AI in Decision Making at NTNU

NTNU, Trondheim, SINTEF, statistics


Snow Ploughing and AI: A Case Study in Decision-Making  

In late January, the AiD – Center for AI in Decision Making at Norwegian University of Science and Technology(NTNU) in Trondheim was officially opened in the presence of the Minister for Research and Higher Education and the Minister of Digitalisation, Equinor Executive Vice President for Energy and technology transformation, NTNU pro-rector for research, and SINTEF CEO. The opening marked a significant national investment in trustworthy and robust artificial intelligence — AI that does not merely predict, but makes sound decisions under uncertainty.

At its core, AiD addresses one of the most challenging questions in modern AI:

How can machines make reliable decisions in complex, uncertain, real-world environments?

A vivid illustration of this challenge is the snow ploughing problem.

The Snow Ploughing Problem: A Black Square with White Squares

 

Imagine a black square — a simplified map of a city. On it lie white squares: roads covered by snow. The task is simple to state but difficult to solve: clear the roads efficiently.

Behind this image — reminiscent of “Vei i snø skog” (road in snowy forest) — lies a deeply complex decision problem:

  • Weather forecasts are uncertain.
  • Snowfall evolves dynamically.
  • Some roads are critical (hospitals, emergency routes).
  • Resources are limited.
  • Decisions must be updated in real time.

This is not a static optimization problem. It is a sequential decision-making problem under uncertainty.

And this is precisely where probabilistic AI and its adaptation and  integration into the decision processes become important.

Probabilistic AI: Modeling Uncertainty Explicitly

Real-world decision problems are never deterministic. Weather forecasts are uncertain. Traffic evolves unpredictably. Infrastructure systems are noisy and partially observed.

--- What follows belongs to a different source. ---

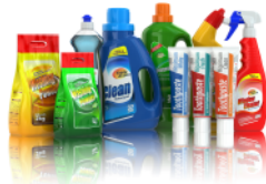
Home Care & Cleaning products

Probabilistic AI provides the mathematical tools to represent and reason about uncertainty explicitly. Instead of producing a single prediction, probabilistic models produce:

  • Distributions over possible outcomes
  • Quantified confidence levels
  • Risk-aware decision criteria

This is crucial in snow ploughing: a strategy that is optimal for one weather scenario may fail catastrophically in another. Robust decisions must account for uncertainty, not ignore it.

At AiD, probabilistic modeling enables:

  • Risk-sensitive optimization
  • Bayesian decision frameworks
  • Stochastic control methods
  • Reliable forecasting integrated with decision layers

In short, probabilistic AI allows systems to know what they do not know — a key requirement for trustworthy AI.

Reinforcement Learning: Learning to Act

While probabilistic AI models uncertainty, reinforcement learning (RL) provides a framework for learning optimal actions through interaction.

Snow ploughing is inherently sequential:

  1. A plough clears one road.
  2. That action changes traffic patterns.
  3. Weather continues to evolve.
  4. New decisions must be made.

Reinforcement learning formalizes this as a Markov decision process, where an agent learns a policy that maximizes long-term reward.

RL is powerful because:

  • It optimizes sequences of actions, not single decisions.
  • It adapts to dynamic environments.
  • It balances short-term costs with long-term benefits.

In infrastructure management, energy systems, logistics, and autonomous operations, decisions are rarely isolated. They are part of an evolving system. Reinforcement learning provides the tools to navigate such complexity.

However, AiD emphasizes that RL must be safe, robust, and grounded in structure. This is where integration with probabilistic modeling and physics-informed methods becomes essential.

Physics-Informed and Structure-Aware AI

A related research activity aligned with AiD’s vision is the PhysML project and upcoming workshop in Oslo, which focuses on physics-informed machine learning.

In many decision problems — including snow management, infrastructure systems, and energy networks — decisions must respect physical laws and engineering constraints.

Purely data-driven AI may produce impressive predictions but can fail when extrapolating beyond observed data. By incorporating:

  • Physical constraints
  • Geometric structure
  • Mechanistic models
  • Stability guarantees

AI systems become more reliable and interpretable.

This integration is central to AiD’s philosophy: decisions should be data-informed, uncertainty-aware, and physically consistent.

A National Commitment to Decision Intelligence

The January opening of AiD — attended by government representatives and research leaders — signals Norway’s recognition that AI must move beyond prediction toward responsible decision intelligence.

The center builds bridges between academia, public institutions, and industry, targeting applications such as:

  • Infrastructure management
  • Energy systems
  • Autonomous operations
  • Climate adaptation
  • Public planning

From a black square with white squares to complex national systems, AiD represents a shift toward AI that acts responsibly in uncertain environments.

In a world shaped by climate variability, technological complexity, and societal risk, decision making under uncertainty is no longer optional. It is essential.

AiD aims to place Norway at the forefront of this transformation — developing AI systems that do not merely compute, but decide wisely.